Published April 2, 2022

THE 29pc growth in tax revenue collection by the FBR during the first three quarters of the present financial year to March from the last fiscal is encouraging. But is it enough? Or does it represent the country’s true tax potential? A cursory look at the disintegrated tax data issued by the FBR for the period under review will confirm that the increased revenue collection does not show an improvement in tax compliance and enforcement. Nor does it give us hope that the FBR will succeed in achieving the enhanced tax target of over Rs6.1tr for the ongoing fiscal as agreed with the IMF in January. The bulk of Rs4.38tr collected so far — 52pc of the total tax revenue — has come from a massive jump in imports fuelled by spiking domestic demand due to the procyclical policies pursued by the government in the first half of the fiscal. Once imports started to slow down and taxes on purchases of petroleum products were slashed, the collection also began betraying signs of tapering in the last few months. Indirect taxes — GST, customs duty, FED, etc — constituting almost two-thirds of the total collection are also a big question mark over the capacity and ability of the tax machinery to boost revenues. Even a large chunk of direct taxes (on incomes) is raked up by businesses that are required to withhold a percentage of their transactions for the FBR, or is gathered at the import stage.

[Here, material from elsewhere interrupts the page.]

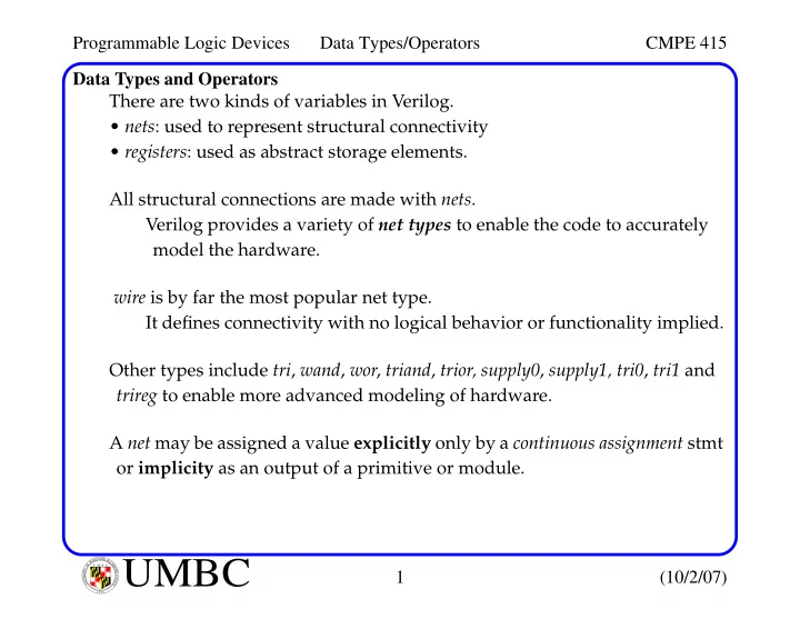 Programmable Logic Devices Data Types/Operators CMPE 415 Data Types and Operators There are two kinds of variables in Verilog. • nets : used to represent structural connectivity • registers : used as abstract storage elements. All structural connections are made with nets . Verilog provides a variety of net types to enable the code to accurately model the hardware. wire is by far the most popular net type. It defines connectivity with no logical behavior or functionality implied. Other types include tri , wand , wor , triand , trior, supply0 , supply1, tri0 , tri1 and trireg to enable more advanced modeling of hardware. A net may be assigned a value explicitly only by a continuous assignment stmt or implicity as an output of a primitive or module. L A N R Y D UMBC A B M A L T F O U M B C I M Y O R T 1 (10/2/07) I E S R C E O V U I N N U T Y 1 6 9 6

Tax revenues are the main source of governments’ spending capacity all over the world. Pakistan’s failure to raise its tax-to-GDP ratio beyond 9pc to 12pc means that the government would have limited capability to invest in essential public services, and finance economic and social development. Little wonder then that successive governments have had no choice other than to take on debt to pay for their burgeoning expenditure and fund development in the country. Boosting tax revenues for public investments and improved service delivery has by far been the country’s most fundamental challenge and a major cause of the economic troubles confronting us today. Yet no government has dared to fix the FBR to improve tax governance, compliance and enforcement for fear of a political backlash. Thus, Pakistan’s tax administration remains one of the most corrupt, inequitable and inefficient in the world, in spite of several attempts to reform the system in the past. Expecting a sustainable economic turnaround without revamping the existing tax system and machinery makes no sense.